Ok, last one is not a company...

Some interesting related links:

<http://en.wikipedia.org/wiki/Late_bloomer>

And in mathematics:

[http://mathoverflow.net/questions/3591/mathematicians-who-
we...](http://mathoverflow.net/questions/3591/mathematicians-who-were-late-
learners-list)

------
abstractbill
One useful strategy for avoiding this affect is to move around a lot and to
deliberately remain a little undereducated about the things you don't work on.
That way, if you ever feel like you've grown too cynical about the field
you're working in, you can switch to something else and approach it as a
complete newcomer.

Software is used in so many places that it's easy to regain your newbie status
any time you feel like you need it again.

------
DanielBMarkham
Meh.

I get where he's coming from, really I do. I strive to keep that attitude as
well, and I put my money where my mouth is by actively living that life, not
just writing about it or thinking about it from a distance. I'm the guy
getting the fist bump, not the guy trying to remember how to give one.

Having said that, and agreeing with the general sentiment he is making, you
can only take this thing so far. At some point, being alive for a year should
give you some kind of insight you didn't have at the beginning of the year. If
not, you're turnip.

As I get more and more inside of the startup community, as I finally begin to
start feeling like I am figuring this thing out, I'm beginning to separate the
external "business of startups" guys from the guys actually having a startup.
The external guys all have googly eyes, romantic writing, praise of youth, and
run in herds. The internal, real-world guys don't have time for all that
bullshit and simply go get the job done. That means taking the baggage you
have -- both good and bad -- and working with it.
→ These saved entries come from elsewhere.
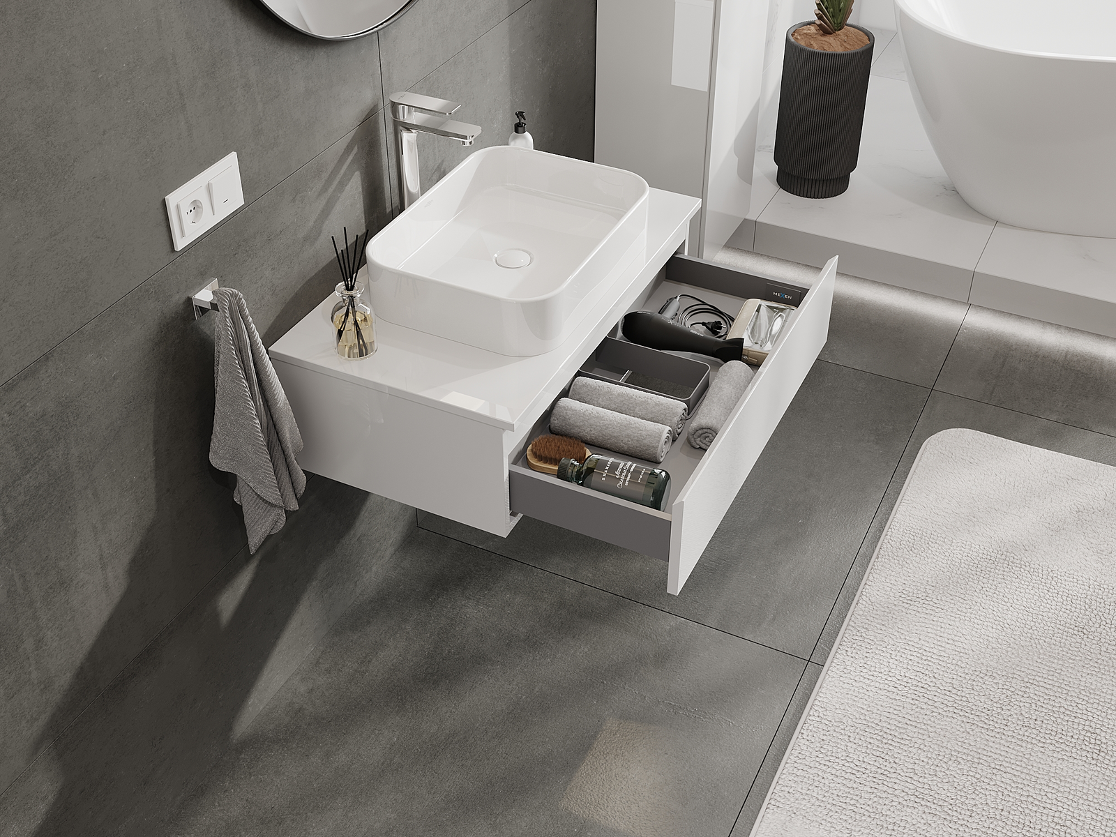 Utskärningen i lådan är utformad på ett sådant sätt att den rymmer vattenlåset som är nödvändigt i tvättställsinstallationer. Tack vare detta kan möbeln installeras fullt ut funktionellt, utan att behöva avstå från utrymme i lådan för installationen.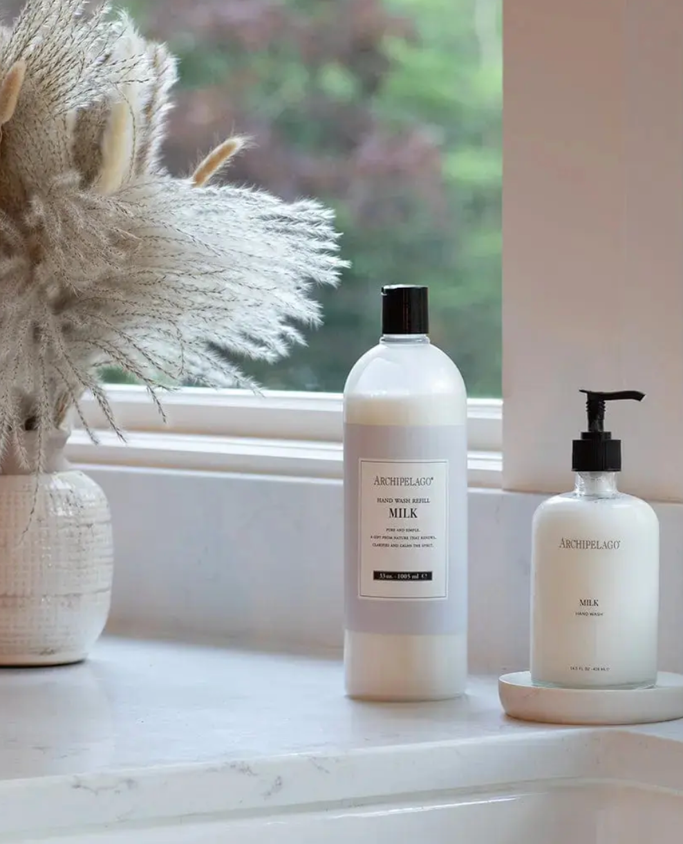 Regular price $20.00Our Milk Hand Wash is the ideal nourishing soap to keep your hands healthy and clean. Enriched with dried milk solids and natural proteins from soy, oat, and rice, this unique formula offers a nourishing experience you'll love from the very first use. The product is packaged in a recyclable glass bottle that can be refilled with our 33 oz Hand Wash Refill, offering an eco-friendly solution that enhances both your skincare routine and your commitment to sustainability.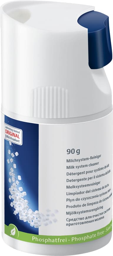 Håll din automatiska kaffemaskin ren från proteiner och mjölkfett med JURA rengöringstabletter för mjölksystem 90 g 24158. Förpackningen innehåller 30 fosfatfria tabletter och en påfyllbar flaska.Läs mer om produkten
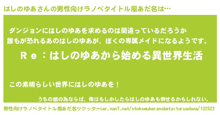 | ヒーロー風カッコイイあだ名 | 『最強戦士ハシノユア』『暗黒騎士ハシ』 |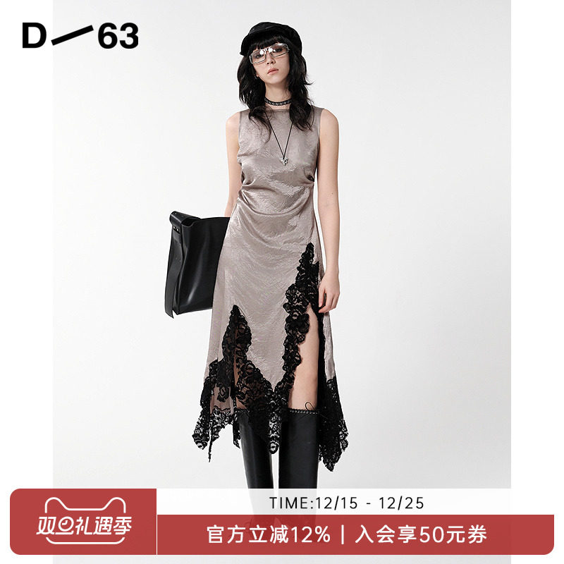 D63女装25秋季新款背心裙褶韵艺术无袖收腰连衣裙蕾丝点缀中裙

I sure hope I am different now than before, and I sure hope I continue to be
different as time moves on. Yes, youth and naiveté are a critical requirement
for creating that change-the-world startup, but they are not a _sufficient_
requirement for it. The reason startups work so well for 20-somethings is that
you can throw a thousand of them at a problem and then pick out the 2 that fix
it, not that somehow youth and attitude carry the day. It's a numbers game.
It's the same reason that we pick 20-somethings to run up the beach on D-Day.
Somebody has to take the beach, and more likely than not it's going to be
somebody who never really understood what the hell they were getting into.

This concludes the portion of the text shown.